The International Crisis Group (ICG), on the other hand, recommended that the newly appointed High Representative for Foreign Affairs and Security Policy Josep Borrell, focus the European Council’s attention on conflict prevention. But there are raging conflicts that deserve the urgent attention of Europe. They cannot be ignored. Four out of the seven priority areas designated by the ICG are in the region: Sudan, Libya, Iran and Syria. The others being: Venezuela, Bolivia and Ethiopia.

I have no doubt that the professionals, both at the EU, as well as in the foreign policy institutions in the various European countries, will respond positively to these recommendations. The question is whether European politicians will act on the them. It is here where disappointments may well lie.

After a series of interactions with European political and business elites, I have come to the conclusion that it is highly doubtful that Europe will take any serious and sustainable initiative towards resolution of conflicts in the Middle East in the near future.

There are a number reasons that lead me to this conclusion. First, Europe is suffering from a crisis in leadership. The German-French axis that has provided leadership in Europe is in abeyance for the time being. With Chancellor Merkel, practically a lame duck, President Macron on his own cannot provide the kind of leadership to address the threats and challenges Europe is facing.

Second, there is also a crisis in European institutions: with Brexit around the corner, the EU needs to concentrate on how to adapt to this new reality, and it also needs to deal with what appears to be an impending breakdown of the international trading system. This will take up the most efforts of the EU institutions.

Third, there are divisions among EU members on a variety of issues, both on the Middle East and beyond. On the Middle East, there are divergent views on Libya, Iran and Syria. Fourth, the EU is still incapable of decoupling from the US, especially when it comes to military matters. That is clear when it comes to Syria, but also on salvaging the JCPOA.

Fifth, at this point of time, and given the transition of the global international system, Europe is focused on what it believes are existential - security and economic - threats emanating primarily from Russia and China. European political elites are now focused on how to protect the political system from interference in elections and, maintain economic competitiveness by ensuring that they do not lag behind in artificial intelligence and G5 technology, both of which it believes are in jeopardy due to Russian and China’s policies.

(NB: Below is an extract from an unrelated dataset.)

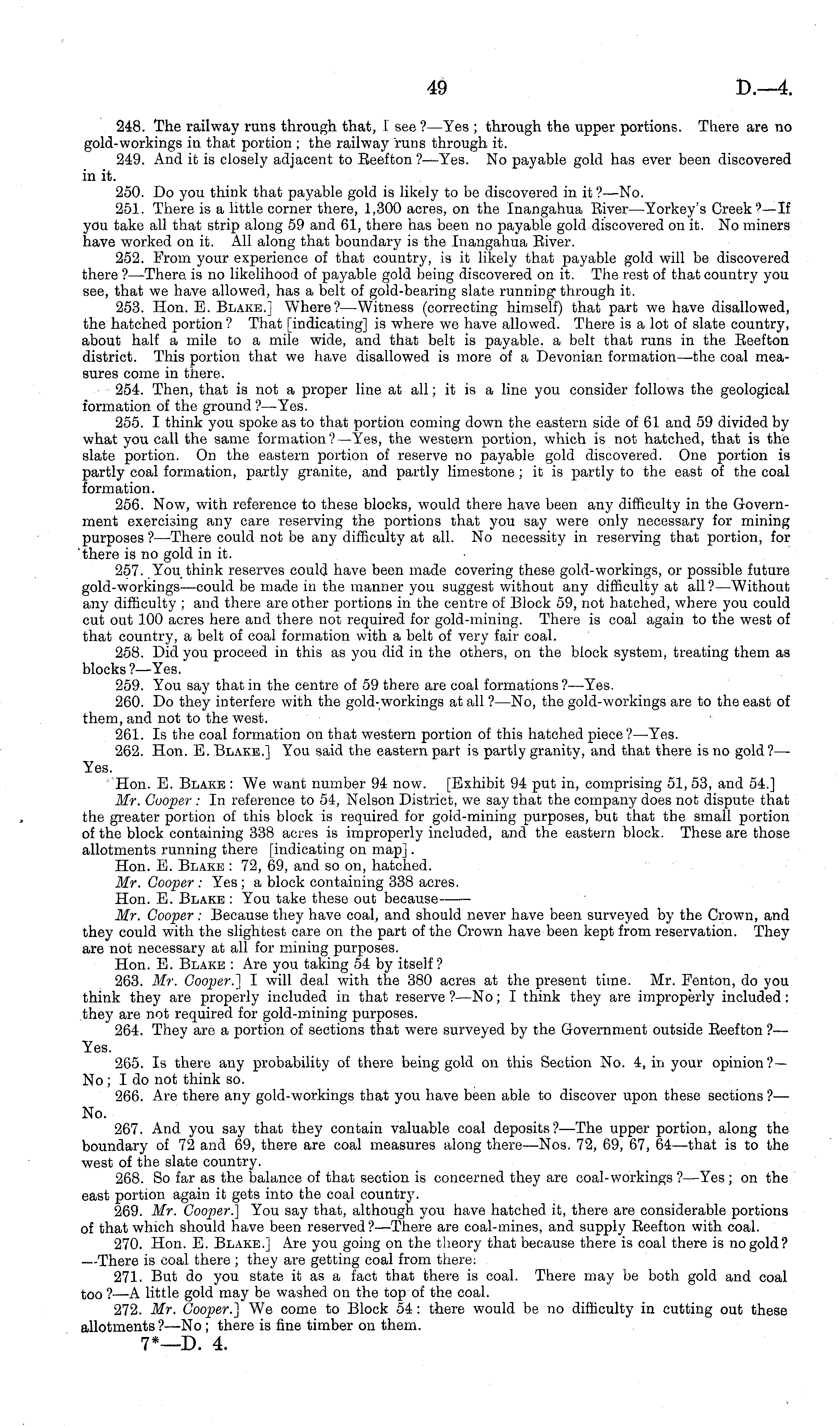 248. The railway runs through that, i see ?—Yes ; through the upper portions. There are no gold-workings in that portion ; the railway runs through it. 249. And it is closely adjacent to Eeefton ?—Yes. No payable gold has ever been discovered in it. 250. Do you think that payable gold is likely to be discovered in it ?—No. 251. There is a little corner there, 1,300 acres, on the Inangahua River —Yorkey's Creek ?—- If you take all that strip along 59 and 61, there has been no payable gold discovered on it. No miners have worked on it. All along that boundary is the Inangahua Eiver. 252. From your experience of that country, is it likely that payable gold will be discovered there ? —There, is no likelihood of payable gold being discovered on it. The rest of that country you see, that we have allowed, has a belt of gold-bearing slate running" through it. 253. Hon. E. Blake.] Where?— Witness (correcting himself) that part we have disallowed, the hatched portion ? That [indicating] is where we have allowed. There is a lot of slate country, about half a mile to a mile wide, and that belt is payable, a belt that runs in the Reefton district. This portion that we have disallowed is more of a Devonian formation—the coal measures come in there. 254. Then, that is not a proper line at all; it is a line you consider follows the geological formation of the ground ?—Yes. 255. I think you spoke as to that portion coming down the eastern side of 61 and 59 divided by what you call the same formation?— Yes, the western portion, which is not hatched, that is the slate portion. On the eastern portion of reserve no payable gold discovered. One portion is partly coal formation, partly granite, and partly limestone ; it is partly to the east of the coal formation. 256. Now, with reference to these blocks, would there have been any difficulty in the Government exercising any care reserving the portions that you say were only necessary for mining purposes ? —There could not be any difficulty at all. No necessity in reserving that portion, for 'there is no gold in it. 257. You think reserves could have been made covering these gold-workings, or possible future gold-workings —could be made in the manner you suggest without any difficulty at all?— Without any difficulty ; and there are other portions in the centre of Block 59, not hatched, where you could cut out 100 acres here and there not required for gold-mining. There is coal again to the west of that country, a belt of coal formation with a belt of very fair coal. 258. Did you proceed in this as you did in the others, on the block system, treating them as blocks ?—Yes. 259. You say that in the centre of 59 there are coal formations ?—Yes. 260. Do they interfere with the gold-workings at all ? —No, the gold-workings are to the east of them, and not to the west. 261. Is the coal formation on that western portion of this hatched piece?— Yes. 262. Hon. E. Blake.] You said the eastern part is partly granity, and that there is no gold?— Yes. Hon. E. Blake :We want number 94 now. [Exhibit 94 put in, comprising 51, 53, and 54.] Mr. Cooper : In reference to 54, Nelson District, we say that the company does not dispute that the greater portion of this block is required for gold-mining purposes, but that the small portion of the block containing 338 acres is improperly included, and the eastern block. These are those allotments running there [indicating on map]. Hon. E. Blake : 72, 69, and so on, hatched. Mr. Cooper : Yes ; a block containing 338 acres. Hon. E. Blake : You take these out because Mr. Cooper : Because they have coal, and should never have been surveyed by the Crown, and they could with the slightest care on the part of the Crown have been kept from reservation. They are not necessary at all for mining purposes. Hon. E. Blake : Are you taking 54 by itself ? 263. Mr. Cooper.'] I will deal with the 380 acres at the present time. Mr. Fenton, do you think they are properly included in that reserve ?—No; I think they are improperly included : they are not required for gold-mining purposes. 264. They are a portion of sections that were surveyed by the Government outside Reefton ?— Yes. 265. Is there any probability of there being gold on this Section No. 4, in your opinion?— No ; I do not think so. 266. Are there any gold-workings that you have been able to discover upon these sections ? — No. 267. And you say that they contain valuable coal deposits?— The upper portion, along the boundary of 72 and 69, there are coal measures along there—Nos. 72, 69, 67, 64—that is to the west of the slate country. 268. So far as the balance of that section is concerned they are coal-workings ?—Yes; on the east portion again it gets into the coal country. 269. Mr. Cooper.] You say that, although you have hatched it, there are considerable portions of that which should have been reserved?— There are coal-mines, and supply Reefton with coal. 270. Hon. E. Blake.] Are you going on the theory that because there is coal there is no gold? —There is coal there ; they are getting coal from there. 271. But do you state it as a fact that there is coal. There may be both gold and coal too ?—A little gold may be washed on the top of the coal. 272. Mr. Cooper.'] We come to Block 54: there would be no difficulty in cutting out these allotments? —No; there is fine timber on them. 7*—D. 4.

Sixth, decision-making is further complicated by the fluidity in a political system resulting from the rise of nationalistic populist parties that are reshaping the political scene and may well lead to undermining the very foundations of liberal democracy in Europe. This is a direct consequence of the phenomena of migration and terrorism. Seventh, interestingly, what further complicates Europe’s reaction to such threats and challenges is the divergent positions taken by the political and economic elites. The former see a direct threat from China, whereas the latter take the position that they cannot afford to not cooperate with China if they want to maintain their future competitiveness.

In short, there are many reasons that curtail Europe’s ability to take, and then pursue, any serious or meaningful initiative in the Middle East for sometime to come. This, however, does not mean Europe is incapable of contributing to resolving and or preventing conflicts in the region. It is my view that Europe cannot but respond, actively and constructively, to any meaningful initiative in this regard. The question then is: from where does this initiative come? I believe that any initiative needs to come from within the region itself. Whether that is on Libya, Syria or Yemen.

In order to arrive at such an outcome, Arab countries need to agree on their common priorities, and present initiatives that can attract interest by major international players.